First, we performed an open search using the default diagnostic ion mining setting available in FragPipe. As expected in any open search, PTM-Shepherd identified many mass shifts for biological and chemical PTMs, but also two unannotated mass shifts of 226 Da and 94 Da at high amounts likely corresponding to the modification of interest (Table 1, full mass shift profile can be found at Supplementary Data 2a). These mass shifts matched those identified by Bae et al. Notably, the fragment remainder masses PTM-Shepherd identified for both mass shifts were nearly identical (Table 2), indicating with a high degree of likelihood that they had the same source. In this case, fragment remainder masses of 94 Da were identified from both mass shifts’ b- and y-ion series, and an additional fragment remainder mass of 77 Da (the prior remainder with a loss of ammonia) was identified from both mass shifts’ b-ions (Supplementary Data 2b). This remainder mass appeared to be diagnostic for RNA-crosslinked peptides, which we further confirmed by performing an additional search incorporating this new fragment remainder mass alongside the 94 Da mass into a labile mode search. Including this feature resulted in an additional 3.8% RNA-crosslinked PSMs over the 94 Da mass alone (Supplementary Fig. 1).
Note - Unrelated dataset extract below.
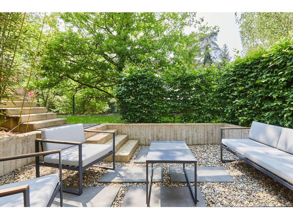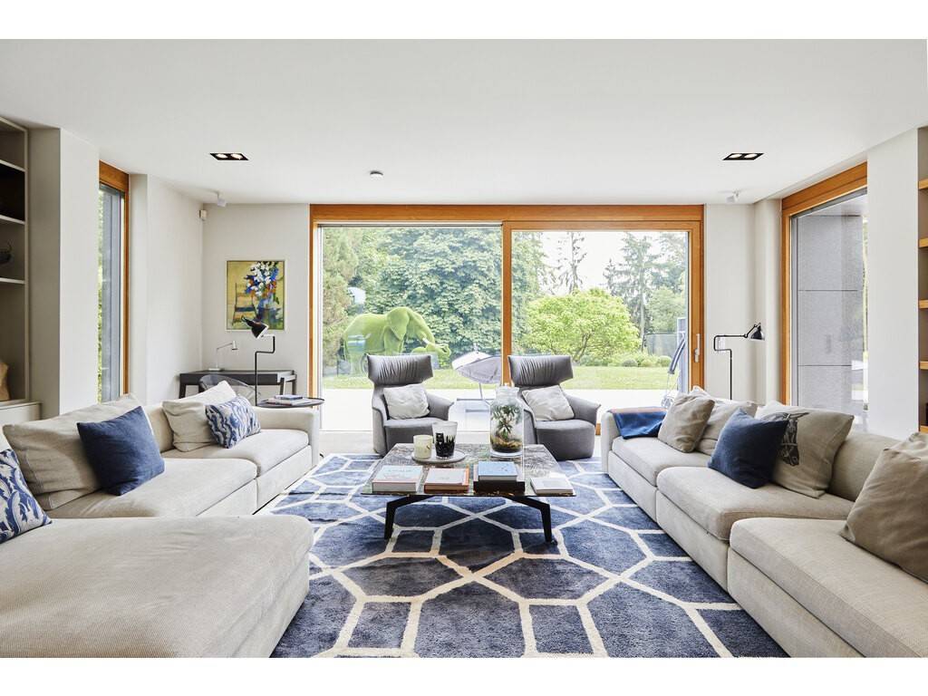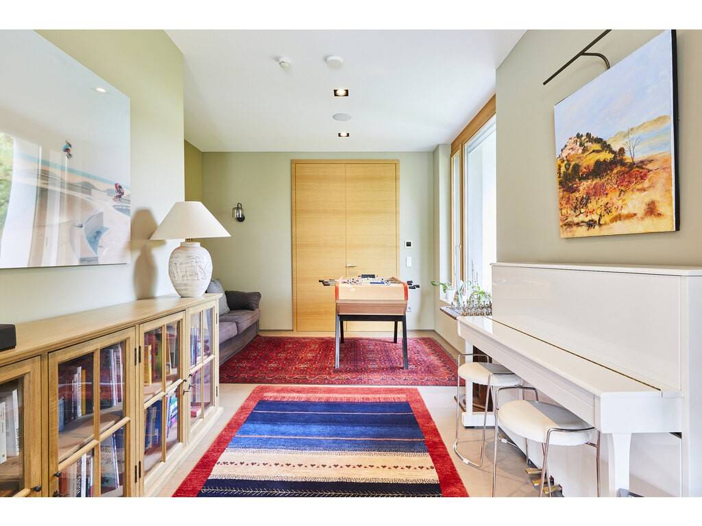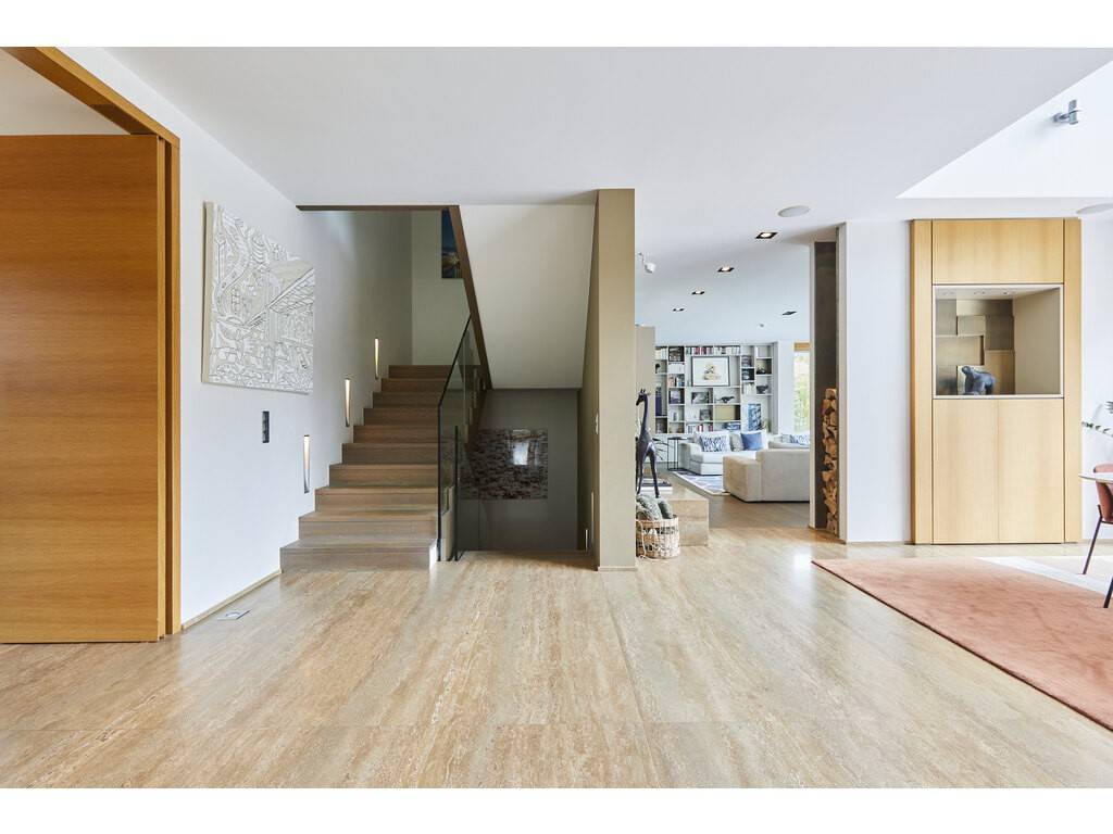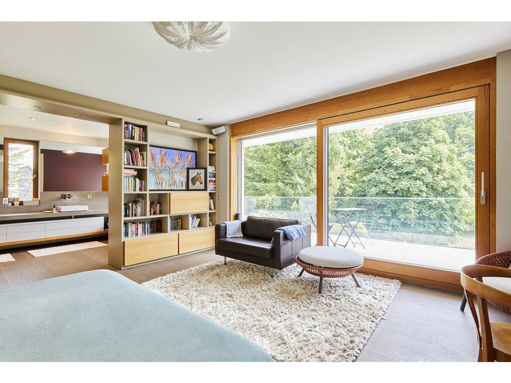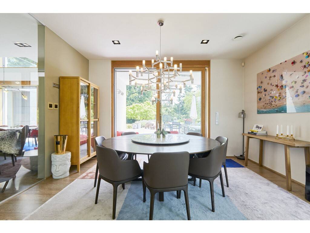 The ground floor opens onto a spacious entrance hall leading to a dining room flooded with natural light, thanks to large floor-to-ceiling windows and double-height ceilings. The Varenna kitchen is complemented by a second dining area. A covered terrace with a storage room offers an unobstructed view of the beautifully landscaped, south-facing garden. A large living room, library, office, cloakroom, and guest WC complete this level.
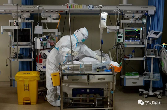 1月27日上午,海軍軍醫大學醫療隊醫護人員在漢口醫院重癥監護室對新型冠狀病毒感染的肺炎患者進行救治。醫護人員密切關注患者病情,根據變化調整輸液速度。解放軍報記者范顯海攝

Table 1 Most prevalent mass shifts and their characteristics from an open search of a pRBS-ID experiment
Table 2 Diagnostic features for the most abundant mass shifts detected in an open search of a pRBS-ID experiment

After a more targeted search using these fragment remainder masses, we also wondered whether any additional diagnostic features might appear for the RNA-crosslinked peptides and performed a second pass at diagnostic feature mining (Supplementary Table 2). For fragment remainder masses, we recovered the two masses described above from both b- and y-ions from the intact 226 Da mass shift corresponding to the loss of five-member sugar ring (Fig. 2a) as well as an a-ion associated mass shift at 66 Da (94 Da minus 28 Da) from b-ions. Diagnostic ions can be of particular interest for future analyses, such as in ion-triggered instrument routines, even if they are left unused at the present. We found two easily explicable diagnostic ions for the intact nucleoside (Fig. 2b): an ion at 133 m/z corresponding to a dissociated ribose, the other half of the 94 Da fragment remainder mass, and an associated neutral loss of water. The partial modification loss on fragment ions was also observed from the 94 Da mass shift (Fig. 2c). However, the diagnostic ions were not diagnostic for the MS1 mass shift corresponding the nucleoside without the ribose (Fig. 2d), as with the ribose already dissociated there is nothing left to form the diagnostic ion.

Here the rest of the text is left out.